- Opening Delimiter -

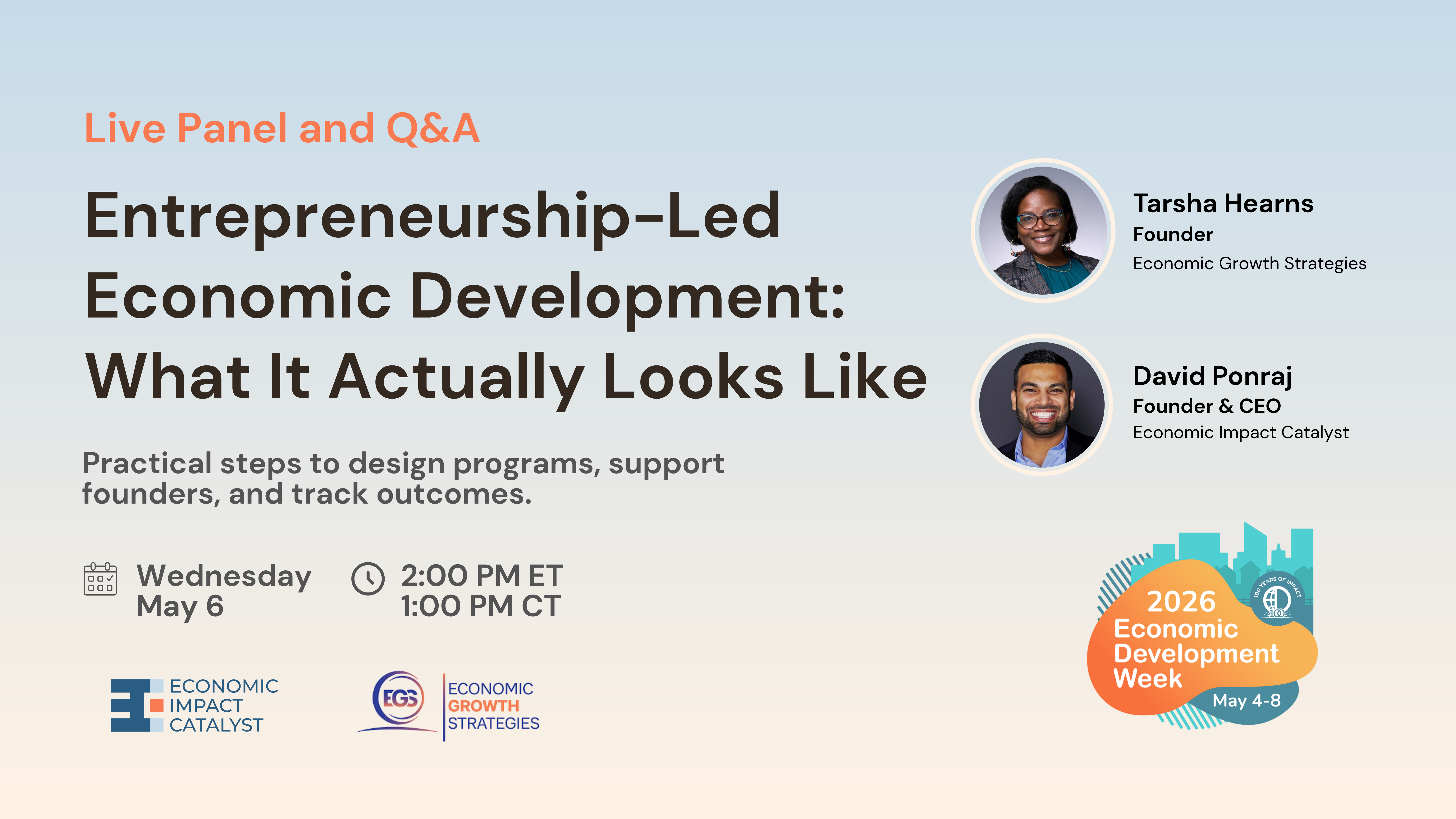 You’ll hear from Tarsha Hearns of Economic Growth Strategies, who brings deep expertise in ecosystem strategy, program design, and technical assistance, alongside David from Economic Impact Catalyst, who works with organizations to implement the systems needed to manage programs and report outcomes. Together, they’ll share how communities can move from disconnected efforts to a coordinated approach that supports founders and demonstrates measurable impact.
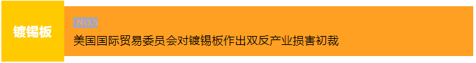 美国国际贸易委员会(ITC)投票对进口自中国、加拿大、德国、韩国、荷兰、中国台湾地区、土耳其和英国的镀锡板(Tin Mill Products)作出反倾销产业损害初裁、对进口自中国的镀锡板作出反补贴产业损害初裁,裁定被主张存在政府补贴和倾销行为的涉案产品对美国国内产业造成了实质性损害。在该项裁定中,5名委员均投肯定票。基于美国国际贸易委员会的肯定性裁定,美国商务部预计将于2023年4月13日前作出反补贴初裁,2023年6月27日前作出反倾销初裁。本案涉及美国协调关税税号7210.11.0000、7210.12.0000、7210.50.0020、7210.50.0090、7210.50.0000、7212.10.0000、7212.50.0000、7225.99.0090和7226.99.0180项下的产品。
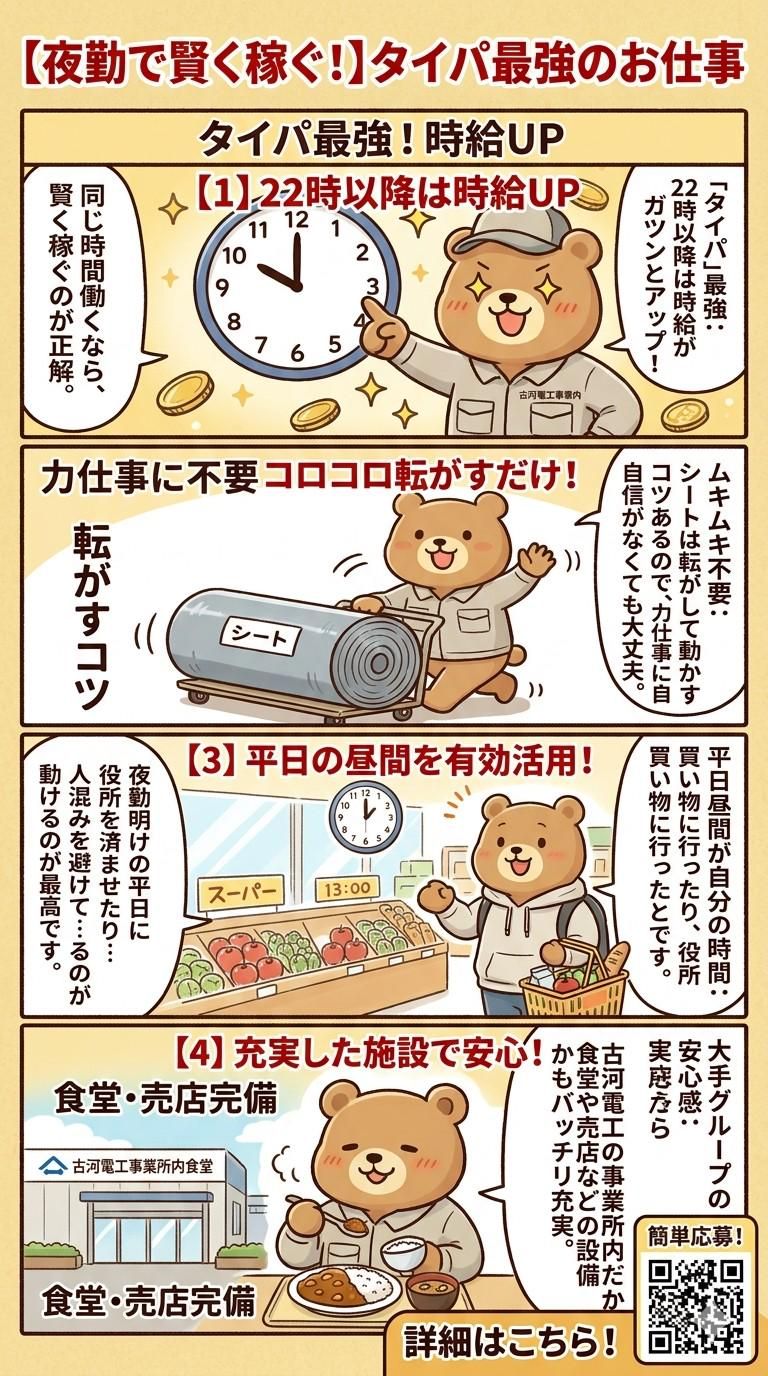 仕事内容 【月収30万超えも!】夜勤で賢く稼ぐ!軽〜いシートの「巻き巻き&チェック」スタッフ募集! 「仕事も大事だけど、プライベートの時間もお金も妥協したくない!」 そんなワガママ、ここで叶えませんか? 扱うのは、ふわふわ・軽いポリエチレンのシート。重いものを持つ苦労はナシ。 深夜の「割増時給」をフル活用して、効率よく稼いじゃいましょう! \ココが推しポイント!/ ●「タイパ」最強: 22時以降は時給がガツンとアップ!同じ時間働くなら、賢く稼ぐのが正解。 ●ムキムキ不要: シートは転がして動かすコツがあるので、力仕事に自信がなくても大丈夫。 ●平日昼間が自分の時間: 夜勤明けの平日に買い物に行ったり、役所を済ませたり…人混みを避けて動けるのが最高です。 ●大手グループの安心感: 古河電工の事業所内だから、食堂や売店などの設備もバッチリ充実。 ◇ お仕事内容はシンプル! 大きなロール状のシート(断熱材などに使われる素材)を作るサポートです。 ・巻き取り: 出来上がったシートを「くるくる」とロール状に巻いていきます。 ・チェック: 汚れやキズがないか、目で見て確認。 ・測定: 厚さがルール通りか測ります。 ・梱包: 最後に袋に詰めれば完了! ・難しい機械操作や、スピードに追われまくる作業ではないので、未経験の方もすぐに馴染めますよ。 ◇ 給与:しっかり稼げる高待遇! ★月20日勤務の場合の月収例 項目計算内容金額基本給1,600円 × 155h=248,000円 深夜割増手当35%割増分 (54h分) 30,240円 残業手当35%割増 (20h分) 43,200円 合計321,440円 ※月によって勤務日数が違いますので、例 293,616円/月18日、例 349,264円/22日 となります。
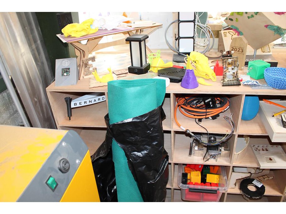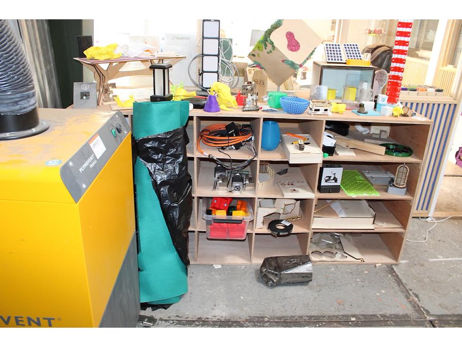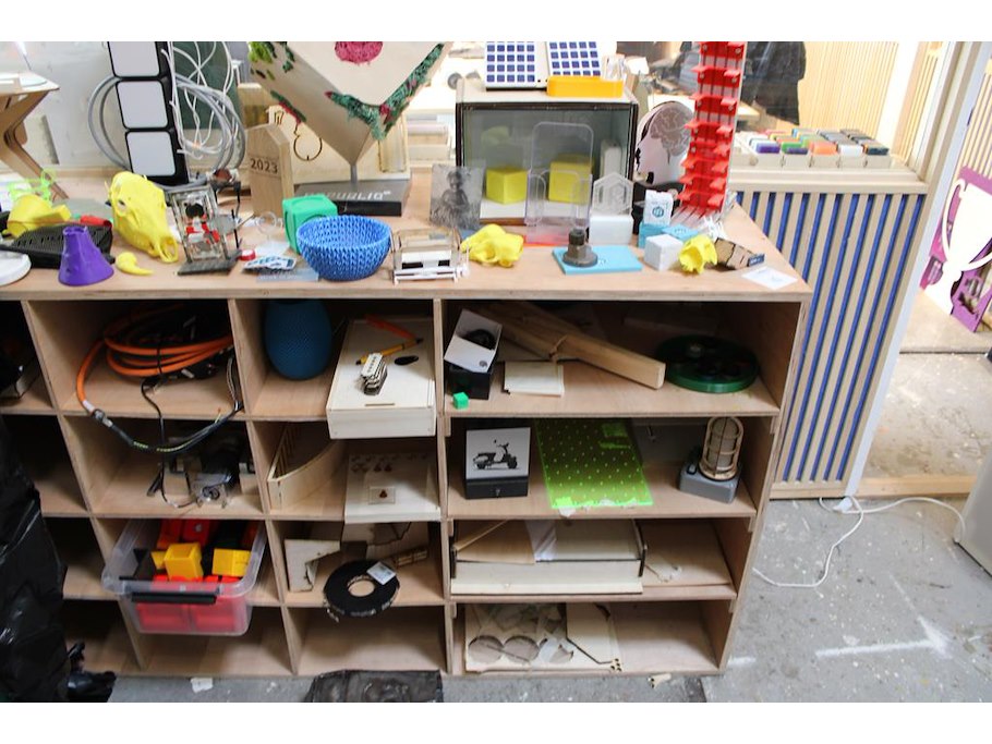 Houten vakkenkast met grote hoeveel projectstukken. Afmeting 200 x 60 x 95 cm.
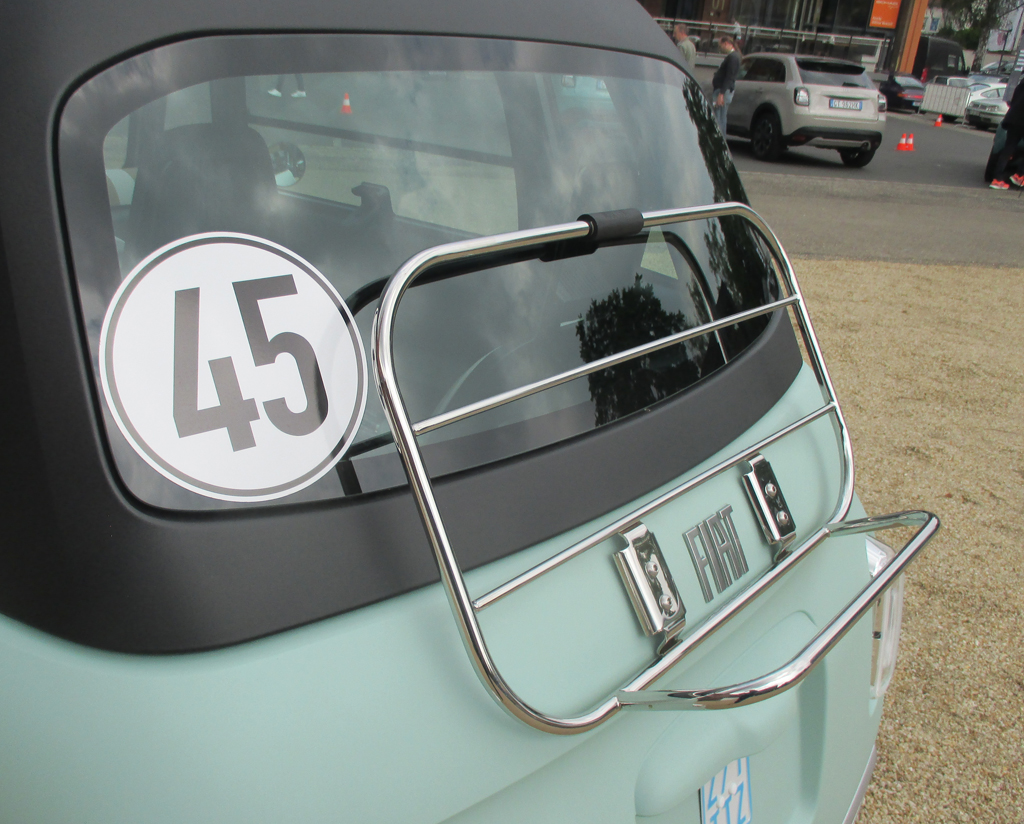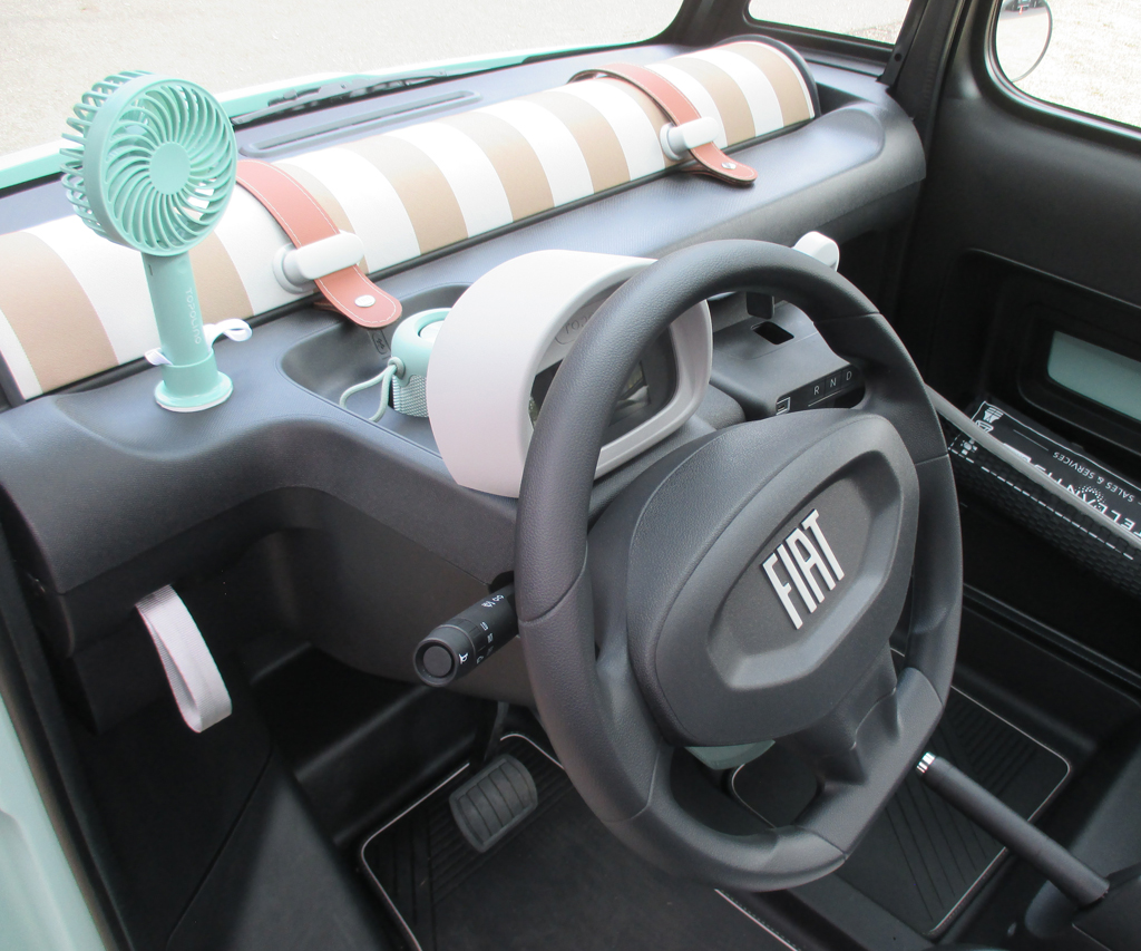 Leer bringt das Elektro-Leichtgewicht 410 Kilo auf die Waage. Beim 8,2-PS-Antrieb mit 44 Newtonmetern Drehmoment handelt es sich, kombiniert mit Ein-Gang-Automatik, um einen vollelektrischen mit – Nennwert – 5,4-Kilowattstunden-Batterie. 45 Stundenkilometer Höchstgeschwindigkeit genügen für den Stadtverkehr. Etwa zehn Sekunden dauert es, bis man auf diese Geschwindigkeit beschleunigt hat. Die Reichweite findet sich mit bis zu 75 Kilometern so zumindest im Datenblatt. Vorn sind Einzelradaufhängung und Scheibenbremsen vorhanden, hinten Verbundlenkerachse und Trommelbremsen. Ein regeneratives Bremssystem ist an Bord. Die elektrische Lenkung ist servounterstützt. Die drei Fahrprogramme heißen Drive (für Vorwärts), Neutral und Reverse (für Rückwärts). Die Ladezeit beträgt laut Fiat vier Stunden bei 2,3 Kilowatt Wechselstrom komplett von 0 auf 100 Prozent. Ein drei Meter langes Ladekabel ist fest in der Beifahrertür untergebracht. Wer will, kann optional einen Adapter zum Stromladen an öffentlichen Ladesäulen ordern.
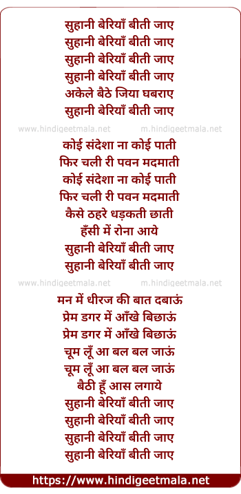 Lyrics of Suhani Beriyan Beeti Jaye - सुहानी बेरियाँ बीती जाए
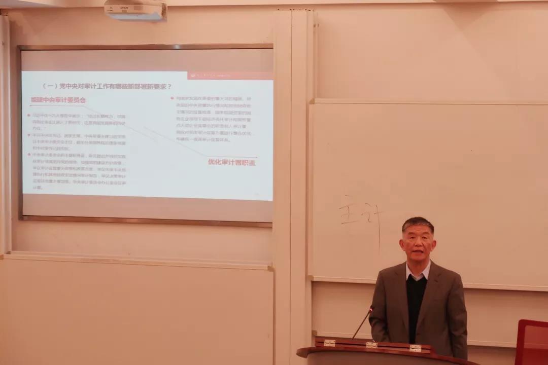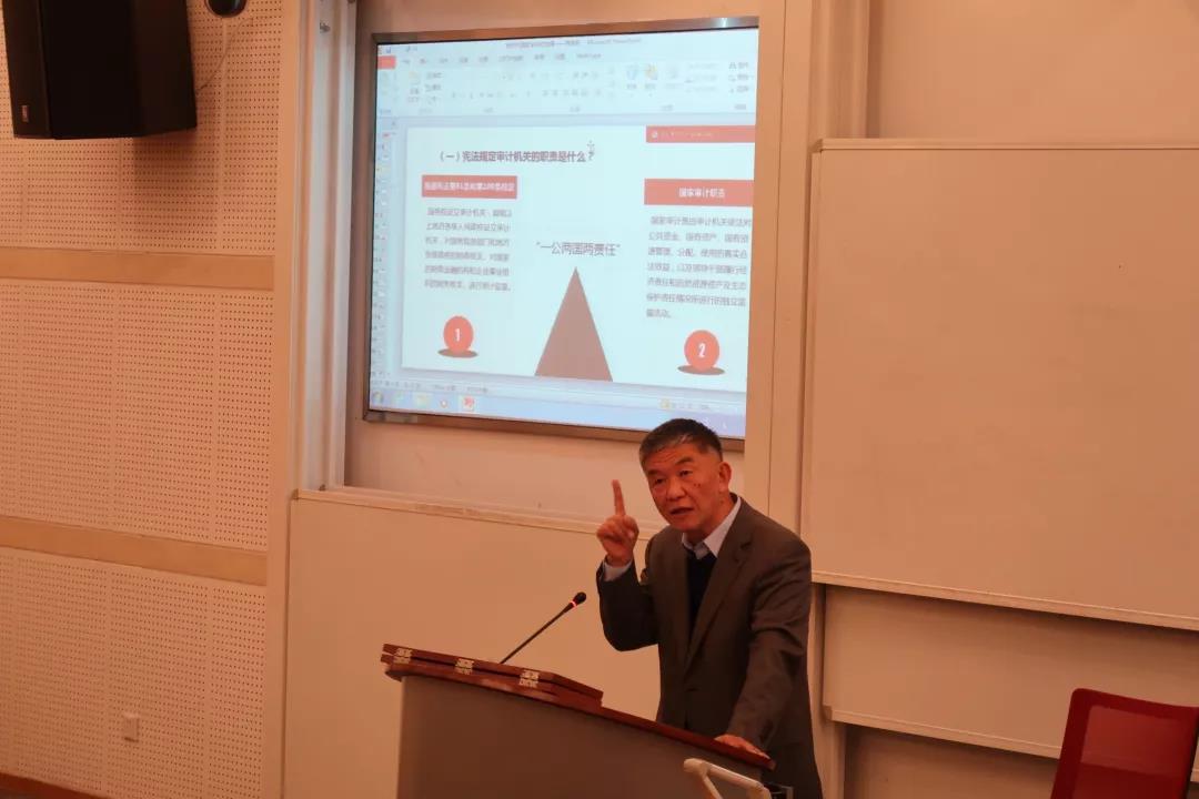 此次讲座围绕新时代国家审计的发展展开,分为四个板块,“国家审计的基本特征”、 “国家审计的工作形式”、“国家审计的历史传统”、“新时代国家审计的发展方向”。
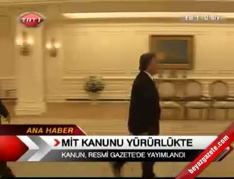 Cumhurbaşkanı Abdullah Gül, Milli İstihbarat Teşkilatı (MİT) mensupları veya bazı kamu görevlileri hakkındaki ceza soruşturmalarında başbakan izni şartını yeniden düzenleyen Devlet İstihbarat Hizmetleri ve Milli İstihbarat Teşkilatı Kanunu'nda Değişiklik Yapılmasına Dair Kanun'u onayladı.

- Closing Delimiter -

PROBLEM TO WORK ON:
Would you set down every line of the data above exactly, skipping the pictures?

FINAL ANSWER:
 You’ll hear from Tarsha Hearns of Economic Growth Strategies, who brings deep expertise in ecosystem strategy, program design, and technical assistance, alongside David from Economic Impact Catalyst, who works with organizations to implement the systems needed to manage programs and report outcomes. Together, they’ll share how communities can move from disconnected efforts to a coordinated approach that supports founders and demonstrates measurable impact.
 美国国际贸易委员会(ITC)投票对进口自中国、加拿大、德国、韩国、荷兰、中国台湾地区、土耳其和英国的镀锡板(Tin Mill Products)作出反倾销产业损害初裁、对进口自中国的镀锡板作出反补贴产业损害初裁,裁定被主张存在政府补贴和倾销行为的涉案产品对美国国内产业造成了实质性损害。在该项裁定中,5名委员均投肯定票。基于美国国际贸易委员会的肯定性裁定,美国商务部预计将于2023年4月13日前作出反补贴初裁,2023年6月27日前作出反倾销初裁。本案涉及美国协调关税税号7210.11.0000、7210.12.0000、7210.50.0020、7210.50.0090、7210.50.0000、7212.10.0000、7212.50.0000、7225.99.0090和7226.99.0180项下的产品。
 仕事内容 【月収30万超えも!】夜勤で賢く稼ぐ!軽〜いシートの「巻き巻き&チェック」スタッフ募集! 「仕事も大事だけど、プライベートの時間もお金も妥協したくない!」 そんなワガママ、ここで叶えませんか? 扱うのは、ふわふわ・軽いポリエチレンのシート。重いものを持つ苦労はナシ。 深夜の「割増時給」をフル活用して、効率よく稼いじゃいましょう! \ココが推しポイント!/ ●「タイパ」最強: 22時以降は時給がガツンとアップ!同じ時間働くなら、賢く稼ぐのが正解。 ●ムキムキ不要: シートは転がして動かすコツがあるので、力仕事に自信がなくても大丈夫。 ●平日昼間が自分の時間: 夜勤明けの平日に買い物に行ったり、役所を済ませたり…人混みを避けて動けるのが最高です。 ●大手グループの安心感: 古河電工の事業所内だから、食堂や売店などの設備もバッチリ充実。 ◇ お仕事内容はシンプル! 大きなロール状のシート(断熱材などに使われる素材)を作るサポートです。 ・巻き取り: 出来上がったシートを「くるくる」とロール状に巻いていきます。 ・チェック: 汚れやキズがないか、目で見て確認。 ・測定: 厚さがルール通りか測ります。 ・梱包: 最後に袋に詰めれば完了! ・難しい機械操作や、スピードに追われまくる作業ではないので、未経験の方もすぐに馴染めますよ。 ◇ 給与:しっかり稼げる高待遇! ★月20日勤務の場合の月収例 項目計算内容金額基本給1,600円 × 155h=248,000円 深夜割増手当35%割増分 (54h分) 30,240円 残業手当35%割増 (20h分) 43,200円 合計321,440円 ※月によって勤務日数が違いますので、例 293,616円/月18日、例 349,264円/22日 となります。
 Houten vakkenkast met grote hoeveel projectstukken. Afmeting 200 x 60 x 95 cm.
 Leer bringt das Elektro-Leichtgewicht 410 Kilo auf die Waage. Beim 8,2-PS-Antrieb mit 44 Newtonmetern Drehmoment handelt es sich, kombiniert mit Ein-Gang-Automatik, um einen vollelektrischen mit – Nennwert – 5,4-Kilowattstunden-Batterie. 45 Stundenkilometer Höchstgeschwindigkeit genügen für den Stadtverkehr. Etwa zehn Sekunden dauert es, bis man auf diese Geschwindigkeit beschleunigt hat. Die Reichweite findet sich mit bis zu 75 Kilometern so zumindest im Datenblatt. Vorn sind Einzelradaufhängung und Scheibenbremsen vorhanden, hinten Verbundlenkerachse und Trommelbremsen. Ein regeneratives Bremssystem ist an Bord. Die elektrische Lenkung ist servounterstützt. Die drei Fahrprogramme heißen Drive (für Vorwärts), Neutral und Reverse (für Rückwärts). Die Ladezeit beträgt laut Fiat vier Stunden bei 2,3 Kilowatt Wechselstrom komplett von 0 auf 100 Prozent. Ein drei Meter langes Ladekabel ist fest in der Beifahrertür untergebracht. Wer will, kann optional einen Adapter zum Stromladen an öffentlichen Ladesäulen ordern.
 Lyrics of Suhani Beriyan Beeti Jaye - सुहानी बेरियाँ बीती जाए
 此次讲座围绕新时代国家审计的发展展开,分为四个板块,“国家审计的基本特征”、 “国家审计的工作形式”、“国家审计的历史传统”、“新时代国家审计的发展方向”。
 Cumhurbaşkanı Abdullah Gül, Milli İstihbarat Teşkilatı (MİT) mensupları veya bazı kamu görevlileri hakkındaki ceza soruşturmalarında başbakan izni şartını yeniden düzenleyen Devlet İstihbarat Hizmetleri ve Milli İstihbarat Teşkilatı Kanunu'nda Değişiklik Yapılmasına Dair Kanun'u onayladı.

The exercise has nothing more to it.